Sara Jermann ist seit August 2023 Co-Leiterin Marketing der Rivella Group. Sie verantwortet zusammen mit Angelika Leemann die Bereiche Product Management, Innovationen, Brand Management, Kommunikation und Event Management für die Marken Rivella, Focuswater und Michel. Ausbildung und berufliche Laufbahn Jermann hat unter anderem einen Bachelor in Sport Science und einen Master in Business Administration. In früheren Stationen arbeitete sie unter anderem für Emmi, Isostar und die Swiss Olympic Association.

Welchen Einfluss hat das Wetter auf Ihre Verkäufe?

SJ: Das Wetter hat einen sehr grossen Einfluss. Letztes Jahr hatten wir einen sehr warmen September, Oktober und teilweise noch November. Das hat zu relativ starken Verkäufen geführt. Wenn Menschen sich im Freien aufhalten und die Temperaturen steigen, konsumieren sie auch mehr Getränke.

Zuckerhaltige Getränke werden von Gesundheitsexpertinnen häufig kritisiert. Spüren Sie diesbezüglich eine Änderung im Konsumentenverhalten?

SL: Wir haben die Erklärung von Mailand unterschrieben, die Unternehmen dazu verpflichtet, den Zuckeranteil in ihren Produkten schrittweise zu reduzieren, bis Ende 2024 um 10 Prozent.
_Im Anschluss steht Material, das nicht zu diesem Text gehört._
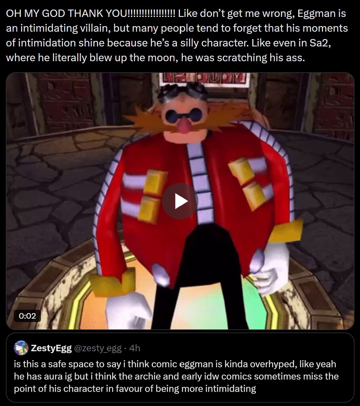 >>559032043>Gamma was most likely winning in his encounter with Sonic>>558984153>>558985753Sonic the Fraudhog>>558990476E-102 Gamma was truly lightning in a bottle, E-123 Omega is pretty close but he had a synthetic energy source instead of an organic battery so the comparison isn't fair.>Gamma, despite the odds, beat not only the spec-superior E-101 (pre- and post-remodel) but also E-103 thru E-105>Gamma's warped robotic lyrics, "it's my pleasure; ready to die" as well as his foreshadowing when he looked at his hand and the recurring static bird memory strongly imply that he chose to self-destruct to free the life within him>Gamma is canonically STILL ALIVE in Maginaryworld because his robot "soul" was THAT special>Eggman may not have realized exactly what made Gamma "tick" so his initial solution to making another Gamma was to make a cheap mass-produced version of him, which is visually more like Beta with a paintjob and functionally a grounded EggRobo>that failed, so a costlier E-123 was presumably made later to safeguard his most prized treasure (Shadow) but his AI was made too well too and he grew to resent Eggman for what he felt like was undervaluing him>he rebelled, so Eggman made E-102 Chaos Gamma (it's unclear if this is the actual Gamma remade since Rouge's account is an unverified theoretical) which fared better as an enforcer that partially mimicked chaos energy and was mass-produced too for easy money (Guard Robos) but still jobbed, unknown what happened to him after Battle but he may have just been the Gamma that was supposed to be in Heroes before it was finalized as OmegaHonestly if Eggman gave Gamma his A-game when he built him and didn't use a random captured animal, Gamma could've probably done what Omega couldn't and blown Eggman's head off a long time ago.

Konsumenten entscheiden sich oft für den vollen Geschmack der zuckerhaltigen Getränke. Für sie steht der Genuss im Vordergrund. Es kommt halt immer auf den vernünftigen Umgang mit den Produkten an. Zudem: Wir haben ja alle Produktvarianten im Sortiment, die Konsumentinnen und Konsumenten können selbst wählen. Wir waren übrigens die Ersten, die bereits 1958 mit Rivella Blau ein zuckerfreies Getränk lanciert hatten, ganze 25 Jahre bevor Coca-Cola in der Schweiz ein zuckerfreies Produkt lancierte.

Welche Herausforderungen haben Sie?

AL: Was uns sicherlich Sorgen bereitet, sind immer wieder diskutierte Werbeverbote für Lebensmittel. Wir sollten aufhören, von «schlechten» oder «bösen» Produkten zu sprechen. Wir haben qualitativ hervorragende Produkte, die in einem gesunden Mass absolut vertretbar sind. Man sollte die Menschen da nicht vom Staat her mit Vorschriften bevormunden, sondern sie selbst entscheiden lassen, wie sie mit Genuss umgehen.

Kindern fehlt allerdings häufig das Mass.

SJ: Wir richten unsere Werbung nicht an Kinder. Die Vertreterinnen und Vertreter unserer Kernzielgruppe sind wie erwähnt 20- bis 35-jährig. Seit 2015 sind wir Mitglied von Swiss Pledge, einer Initiative namhafter Nahrungsmittelhersteller, die freiwillig auf Werbung, die sich an Kinder richtet, verzichten. So inserieren wir etwa nicht in Kindermagazinen und schalten keine TV-Spots in Sendungen, die von Kindern geschaut werden.

Angenommen, Sie bekommen zusätzlich 10 Millionen Franken für Ihr Budget. Was würden Sie damit machen?

SJ: Wir würden sicher einen Teil nutzen, um weiter in die Innovation unserer Produkte zu investieren. Die ganzen Entwicklungen sind kostspielig, und wir haben so viele Ideen.

AL: Ein attraktives Umfeld, um zusätzliche Gelder zu investieren, wären bestimmt auch E-Sports und Gaming.

Das Unternehmen

Die Rivella Group ist ein Familienunternehmen im Besitz der Familie Barth. Das Unternehmen hat seinen Sitz in Rothrist AG. 231 Mitarbeitende erzielten 2023 einen Umsatz von 138 Millionen Franken. Die Bekanntheit der Marke Rivella liegt in der Schweiz bei 98 Prozent.